(DATA SHOWN Opens)
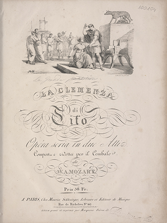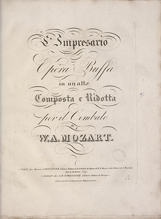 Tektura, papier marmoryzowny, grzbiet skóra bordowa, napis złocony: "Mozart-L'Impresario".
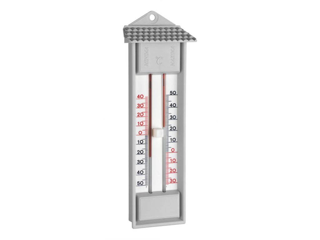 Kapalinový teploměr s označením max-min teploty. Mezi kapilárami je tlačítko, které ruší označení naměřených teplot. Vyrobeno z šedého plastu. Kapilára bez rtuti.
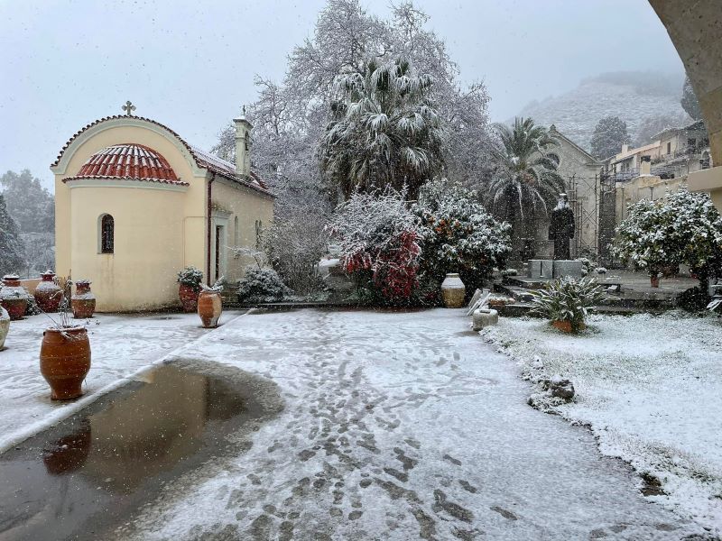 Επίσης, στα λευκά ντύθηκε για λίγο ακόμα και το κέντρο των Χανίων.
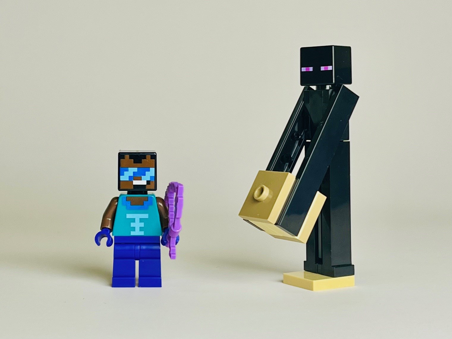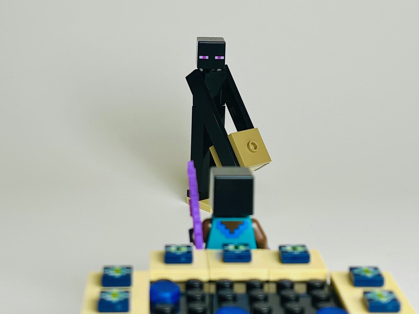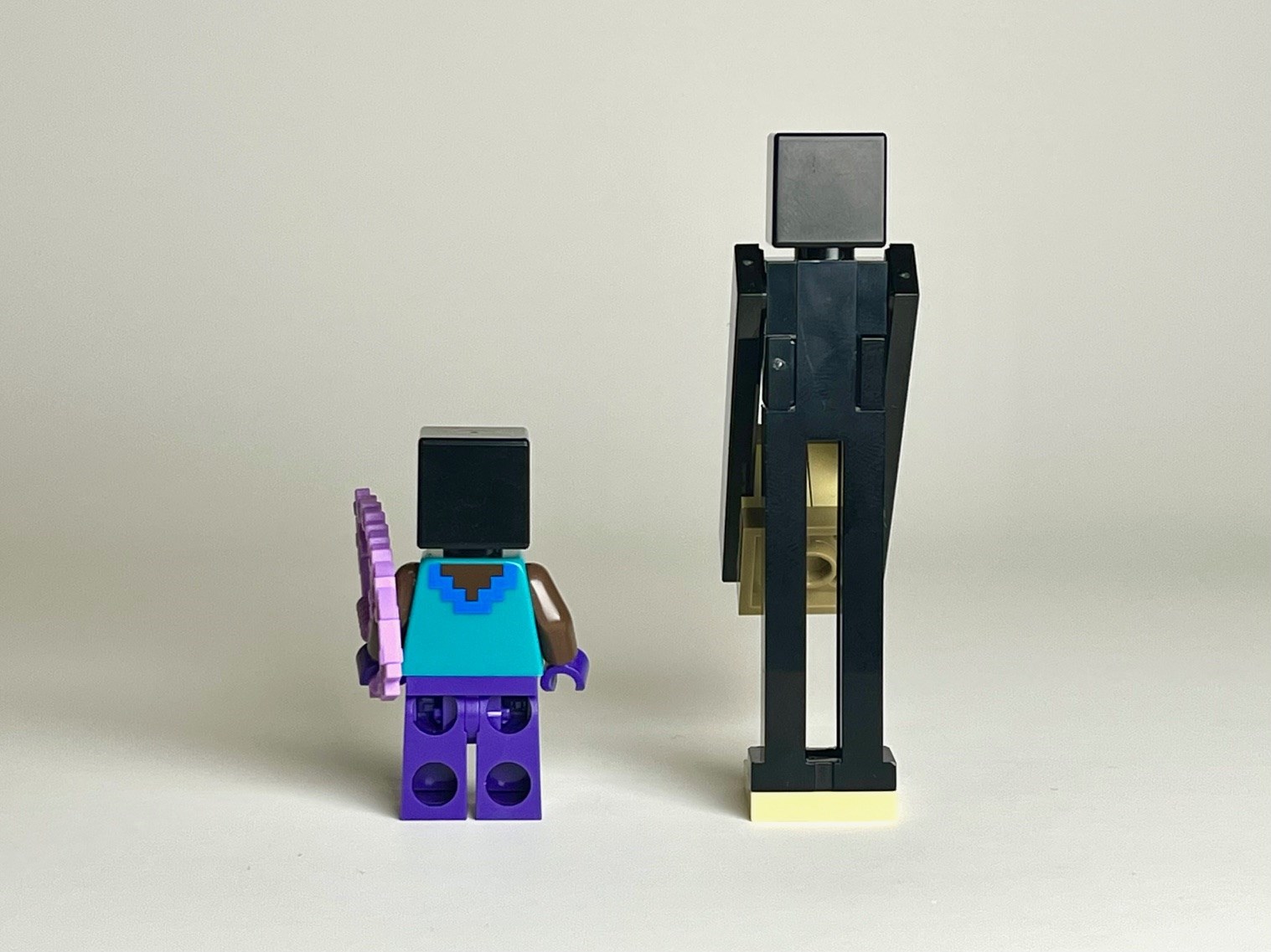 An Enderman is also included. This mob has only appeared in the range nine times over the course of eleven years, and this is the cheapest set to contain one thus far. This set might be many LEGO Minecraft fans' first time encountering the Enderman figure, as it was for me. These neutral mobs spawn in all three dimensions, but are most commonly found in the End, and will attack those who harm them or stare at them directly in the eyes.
(DATA SHOWN Closes)
● **GOAL OF THE EXERCISE**:
Your copy should hold only the lines from the line with "Kapalinový teploměr s" through the end of the data above, both ends included, transcribed exactly and without pictures.

● **EXERCISE RESPONSE**:
 Kapalinový teploměr s označením max-min teploty. Mezi kapilárami je tlačítko, které ruší označení naměřených teplot. Vyrobeno z šedého plastu. Kapilára bez rtuti.
 Επίσης, στα λευκά ντύθηκε για λίγο ακόμα και το κέντρο των Χανίων.
 An Enderman is also included. This mob has only appeared in the range nine times over the course of eleven years, and this is the cheapest set to contain one thus far. This set might be many LEGO Minecraft fans' first time encountering the Enderman figure, as it was for me. These neutral mobs spawn in all three dimensions, but are most commonly found in the End, and will attack those who harm them or stare at them directly in the eyes.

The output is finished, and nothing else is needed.